The 6 to 10 inches of rain that fell overnight in the Parsons area caused flash flooding around creeks and tributaries and the neighborhoods near them.

Many Parsons city streets were barricaded to keep drivers out of high, swift water, though some ignored the warnings and drove through anyway. Railroad underpasses on Corning and Main streets flooded and remained closed late Friday afternoon.

The city is working on a plan to replace the 1970s-era pumps that drain the Corning underpass. Only one of four pumps installed there was working recently. The Union Pacific Railroad maintains the newer pumps on the Main Street underpass. In a recent flooding event on Main, the pump controls weren’t working properly, city commissioners heard recently.

Little Labette Creek that flows south of Southern Avenue flooded, too. It flooded the Evergy substation in the 2400 block of Southern so power had to be shut down to the substation and rerouted for customers, Labette County Emergency Management Director Charlie Morse said. Power was out about 90 minutes. Water also began flowing over Southern.

Parsons Police Chief Robert Spinks said the old railroad dike in Glenwood Park was breached in an area north of Southern. This impacted draining for Glenwood and water swept into the industrial park.

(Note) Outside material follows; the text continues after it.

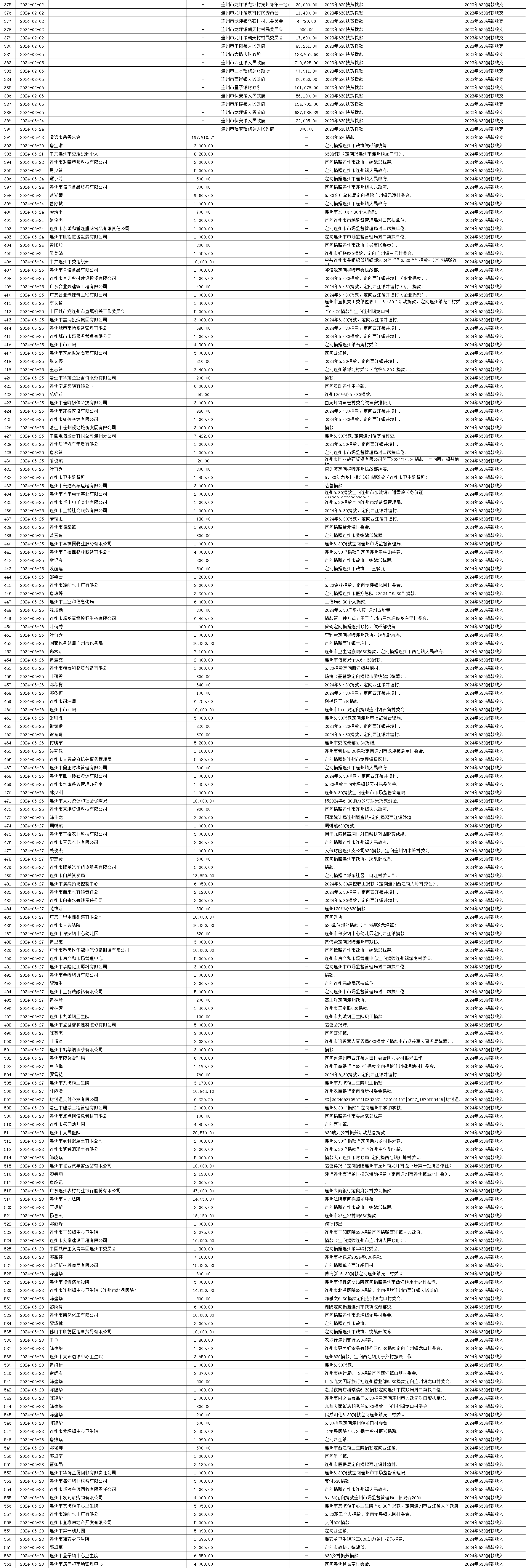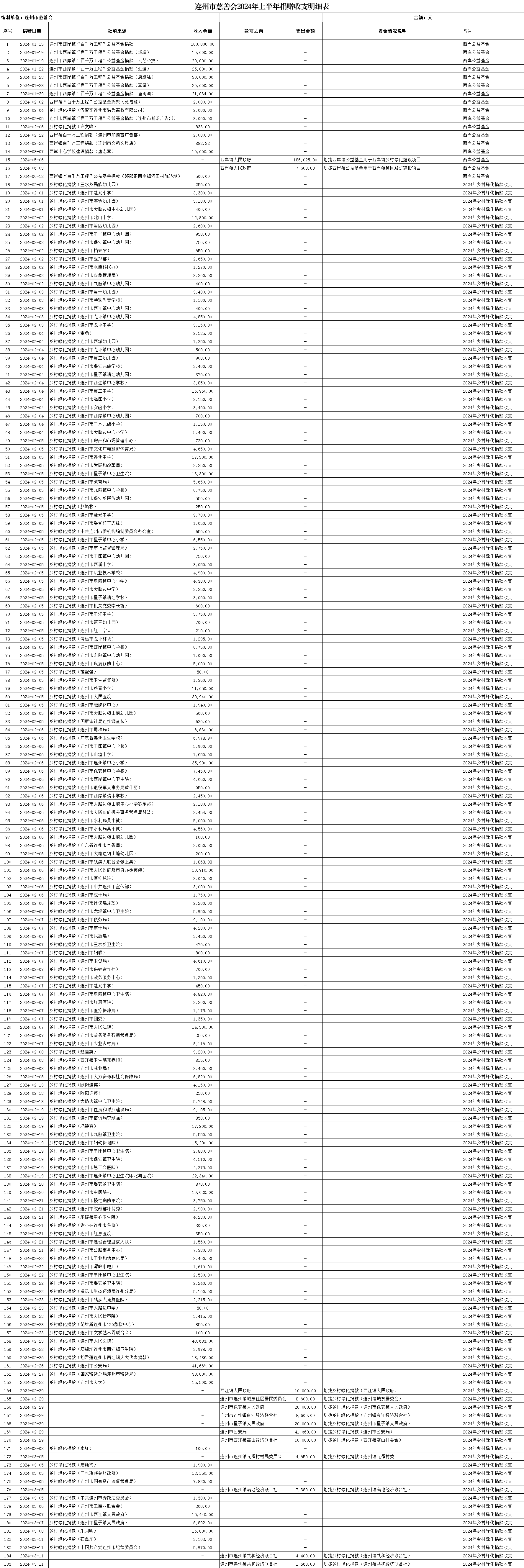 關(guān)于連州市慈善會(huì)2024年上半年捐贈(zèng)收支明細(xì)的公示

Parsons firefighters were busy since early Friday morning helping rescue drivers in high water and people from flooded homes and campsites. A summary of the work was not available on Friday afternoon, Fire Chief Kenny Ward said. Parsons firefighters rescued a woman who drove into the high water of the Corning underpass about mid-morning Friday.

Labette No. 9 Fire District conducted three rescues Friday morning, some in the area of Lyon Road and north of 24000 Road. They set up a pumper truck on 24000 Road later Friday morning to keep people from driving through the swift water crossing the paved road. A barricade was placed west of the former entrance to the country club. People still drove through, however.

Labette County Sheriff’s Office deputies also helped with rescues on Friday. Details were not available.

Water draining from a field on the east side of Wallace Road between 22000 and 20000 roads dislodged a recently installed whistle pipe under the paved road. Wallace Road was closed most of Friday for Labette County Public Works to return the pipe to its original spot and fill in around it again. The gravel that held the pipe in place washed into a pasture and toward a tributary on the west side of Wallace. Gravel will cover this repair on Wallace until the road dries enough for it to be paved, Assistant Public Works Director Ralph George said.

Five pipes were replaced under the road in this 2-mile stretch and only one of them was impacted by fast water.

George thought the rock around this pipe may not have had time to set up enough before the flood. The end of the 48-foot pipe was pushed against a barbed-wire fence on the west side of the road. Public Works leadman Roman Goedeke used a track hoe to move larger rock and gravel around the pipe to hold it in place.

Public Works employees were up early Friday to barricade flooded roads.

Spinks said police helped up to 12 people who had to leave their homes because of high water. 

He said police also on two occasions had to remove teenagers swimming in the floodwater in the Main Street underpass. 

“It’s been frustrating,” Spinks said.

He urged drivers to be cautious and drive slowly around the city, especially if driving near streets that flood. The city put up a number of barricades and the barricades do not all have lights on them. 

He’s also heard complaints about the Union Pacific Railroad blocking Appleton and Crawford avenues at times on Friday when moving trains. Appleton and Crawford were the two main thoroughfares in Parsons since Southern, Corning and Main streets were closed because of high water.

He said the railroad is not governed by the police department and can block intersections as needed to move trains.

Morse said he helped the people who had to leave their homes in Parsons with a hotel for the night and is working with the American Red Cross to get them assistance.

He said he had sandbags ready if needed to protect the Parsons wastewater treatment plant Friday. But the high water receded, so they were not needed.

Morse said he will be asking county commissioners to approve a disaster declaration on Monday.